Stimulation of resting cells by growth factors leads to an increase in the rate of protein synthesis, which is necessary for cell growth and division. Translation initiation factor eIF-2alpha is one of the key translation factors mediating the effects of growth factors on protein synthesis. In normal cells, expression of eIF-2alpha is increased transiently, but its levels are elevated constitutively in oncogene-transformed cells. Overexpression of constitutively active eIF-2alpha in rodent cells makes them tumorigenic. In this article, the authors report their findings on the increased expression of eIF-2alpha in human benign and malignant neoplasms originating from melanocytes and colonic epithelium.

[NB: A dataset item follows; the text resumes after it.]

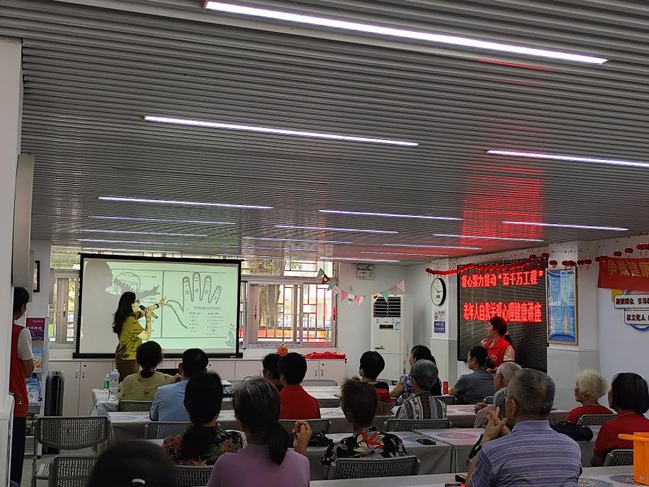 2025年7月7日上午,罗湖东乐社区在党建引领下,积极响应“百千万工程”,举办了一场主题为“争做健康领航人,素养提升我先行”的老年人自我关爱心理健康讲座。活动吸引了40名社区长者,旨在通过科学的心理健康知识普及,帮助老年人提升自我关爱意识,促进身心健康。

Immunohistochemistry was used to analyze the expression of eIF-2alpha, eIF-4E, and cyclin D1 in melanocytic nevi and melanomas and the expression of eIF-2alpha in colonic adenomas and carcinomas.

The authors found that the expression of eIF-2alpha was increased markedly in both benign and malignant neoplasms of melanocytes and colonic epithelium.

Increased expression of eIF-2alpha took place in both benign and malignant neoplasms of melanocytes and colonic epithelium. These findings suggest that elevated expression of this translation initiation factor may contribute to tumor initiation and progression but that it is not sufficient for establishing a malignant phenotype in the tumors analyzed in this study.